My wife and I agree, so far(when it's not a re-run?)we like DJ.:yourock:
He does his job, doesn't complain a bunch, moves fast, but most of all he's funny!:hmm3grin2orange:
He's are favorite, however the S & S boys make us laugh too! But I have a feeling there going to get the boot, there just causing that poor guy to much money with not enough in return!
It's like the 5th. grade play ground watching those two(father and son)in there constant pissing match and the mouth on dad?:censored:


----------



## stihlms460 (Feb 24, 2010)

i like cody, just because he is my age, and is a good hard worker


----------



## tmanmi (Feb 24, 2010)

I like DJ also. Can we take up a collection to get him some front teeth?


----------



## Racerboy832 (Feb 24, 2010)

DJ cause he's a worker, I'd like to see him on Deadlest Catch too since he is a crabber too. I like the swamp logger guy the one that lives in the swamps.


----------



## chucker (Feb 24, 2010)

dj, is a true pnw logger at heart and soul! worked some of the same ares and with hard people like him columbia city/st.helens oregon.... no teeth,chews and spits where he wants! riding the crummy to and back from the woods smelling like a brewery and sweat lodge.. he wins my vote hands down !! lol


----------



## Woodcutteranon (Feb 24, 2010)

This year I am rooting for the underdogs. I like Leland because my heart goes out to him. He lost his seat to that jerk Melvin...can't stand him. Anyone that can't respect his machinery and his coworkers can go jump in the lake.

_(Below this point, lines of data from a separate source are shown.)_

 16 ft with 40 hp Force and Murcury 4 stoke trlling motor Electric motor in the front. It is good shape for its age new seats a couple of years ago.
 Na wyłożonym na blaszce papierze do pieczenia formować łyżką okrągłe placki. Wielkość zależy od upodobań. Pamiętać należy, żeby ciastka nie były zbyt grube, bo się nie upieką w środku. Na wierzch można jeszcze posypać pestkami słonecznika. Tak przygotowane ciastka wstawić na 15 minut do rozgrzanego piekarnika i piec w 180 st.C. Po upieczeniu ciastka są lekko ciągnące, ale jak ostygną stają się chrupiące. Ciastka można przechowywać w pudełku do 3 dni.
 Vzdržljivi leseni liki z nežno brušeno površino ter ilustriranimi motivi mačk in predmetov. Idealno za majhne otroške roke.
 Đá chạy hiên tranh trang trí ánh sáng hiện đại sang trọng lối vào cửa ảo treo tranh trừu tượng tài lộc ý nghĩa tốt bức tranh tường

Also I like Dave the greenhorn. The guy is giving his all, raising a boy on his own and stuck with a doofus sidekick and a bastard for a boss, Gabe. The guy is in a bad spot because he needs a job which lets him get bullied by Gabe, the over privileged son.


----------



## K7NUT (Feb 26, 2010)

Woodcutteranon said:


> This year I am rooting for the underdogs. I like Leland because my heart goes out to him. He lost his seat to that jerk Melvin...can't stand him. Anyone that can't respect his machinery and his coworkers can go jump in the lake.
> 
> Also I like Dave the greenhorn. The guy is giving his all, raising a boy on his own and stuck with a doofus sidekick and a bastard for a boss, Gabe. The guy is in a bad spot because he needs a job which lets him get bullied by Gabe, the over privileged son.

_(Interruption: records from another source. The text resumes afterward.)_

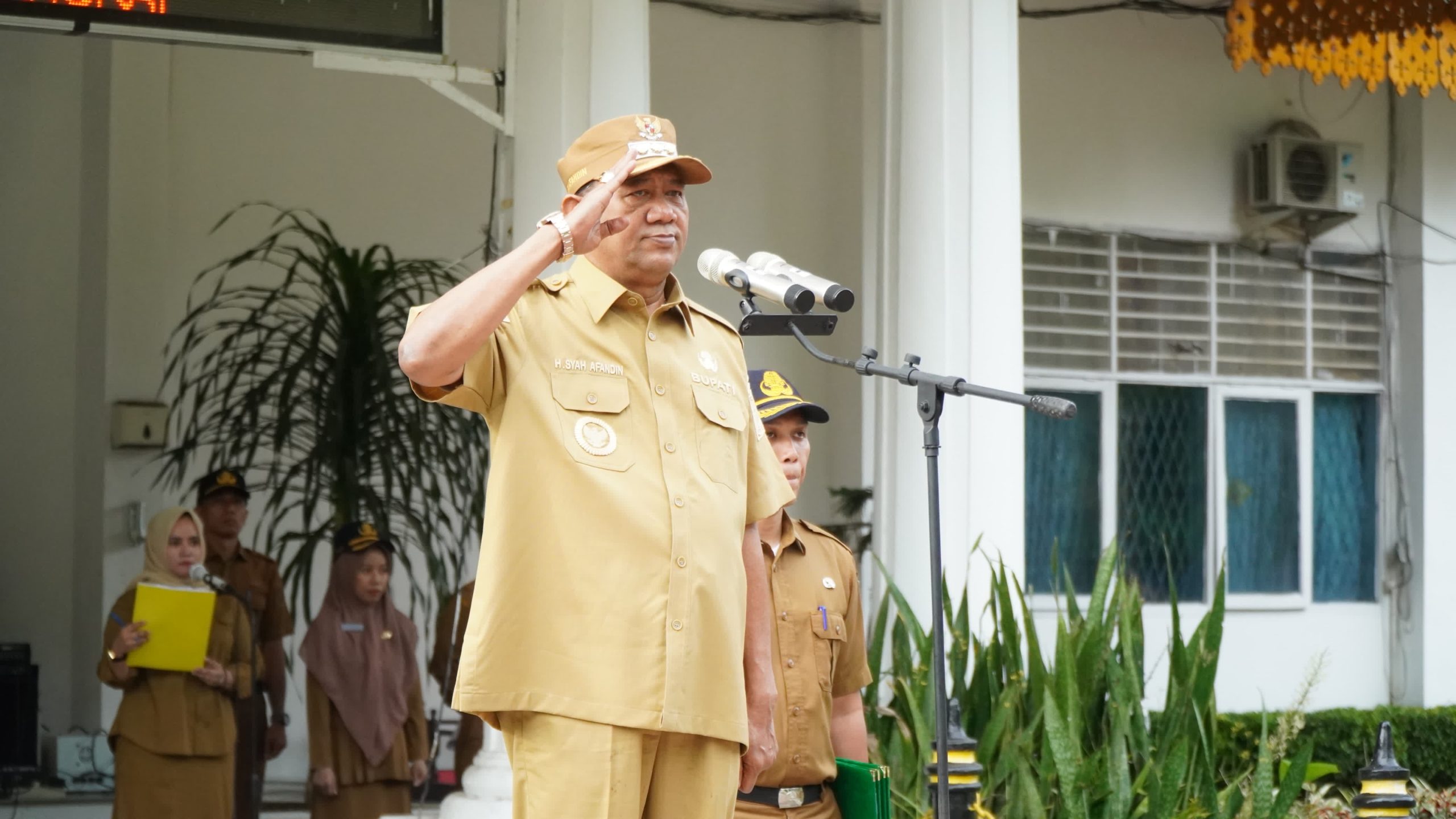 Bupati Langkat Syah Afandin pimpin apel gabungan jajaran Aparatur Sipil Negara (ASN) Pemerintah Kabupaten Langkat di halaman Kantor Bupati Langkat, Senin (19/5/2025).
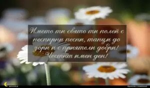януари 14, 2021 св. Нина Пожелание за св. Нина 9 за 30 януари 2026 Името ти свято ти полей с неспирни песни, танци до зори и с приятели добри! Честит имен ден!
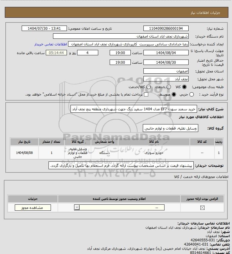 شرح کلی نیاز: خرید سمند سورن EF7 مدل 1404 سفید رنگ جهت شهرداری منطقه پنج نجف آباد
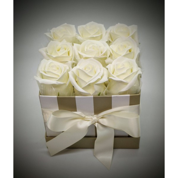 Szappanvirág - vajszínű szappanrózsa box - csíkos dobozban Kézzel készített, illatos szappan csokrok, asztali díszek, egyedi szappanok készítése.
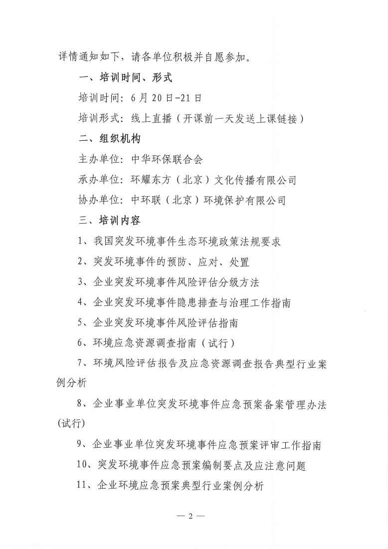 关于举办第20期“环境应急预案编制与 评审从业人员”培训班的通知
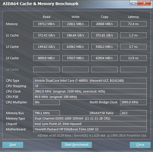 Согласно данным утилиты AIDA64 Cache & Memory Benchmark, скорость записи данных в память составляет 22811 МБ/с, а скорость чтения — 19712 МБ/с. Для памяти DDR3-1600 (пиковая пропускная способность 12800 МБ/с) в двухканальном режиме работы это вполне типичный результат.

I agree about Leland too, but there's nothing to keep the camera on him, but he is good because...
He just does his job!
I also have to agree with you on Melvin, except I think he's an #######!(oops! ends with hole?)
OK, and Dave the greenhorn too, he's doing laps around that sandwich eat'in slowpoke!
But DJ is still our fav, I would like to see him on Deadlist too!


----------



## tomtrees58 (Feb 26, 2010)

ther all:jester:


----------



## procarbine2k1 (Feb 27, 2010)

It is tough to say, as the History Channel will portray these guys and their personalities in which ever way they choose...
BUT, I can't help but laugh at Jimmy and his son. They used to piss me off last year, but for some reason I am finding more humor in their stupidity. Not much of a show, but their isn't much else on either...


----------



## strokersix (Mar 1, 2010)

I thought DJ was gonna be a joke when I first seen him on there, but he seems to be one hard working SOB!

I also like Jay Browning, he seems to get the message across when the job needs to get done, but then he also jokes with his people, 2 thumbs up for him also!


----------



## crowbuster (Mar 1, 2010)

I thought the same about d.j. but he is ok in my book. Browning needs to practice his marksmanship, glad it wasn't a snake.Funny leland is not wining this year yet, hope he don't.:greenchainsaw:


----------



## wvlogger (Mar 2, 2010)

Swamp thang


----------



## stump grinder (Mar 2, 2010)

Gabe is a loudmouth jerk. Talks like he means well but you can't motivate people by constantly yelling at them and trying to break them down. it's not the military. He would have better luck with a different attitude.


----------



## biggenius29 (Mar 2, 2010)

I used to like Melvin. Now I cannt stand that A-hole. 

I like Earl, that guy is a tool. Although I think he is a little touched.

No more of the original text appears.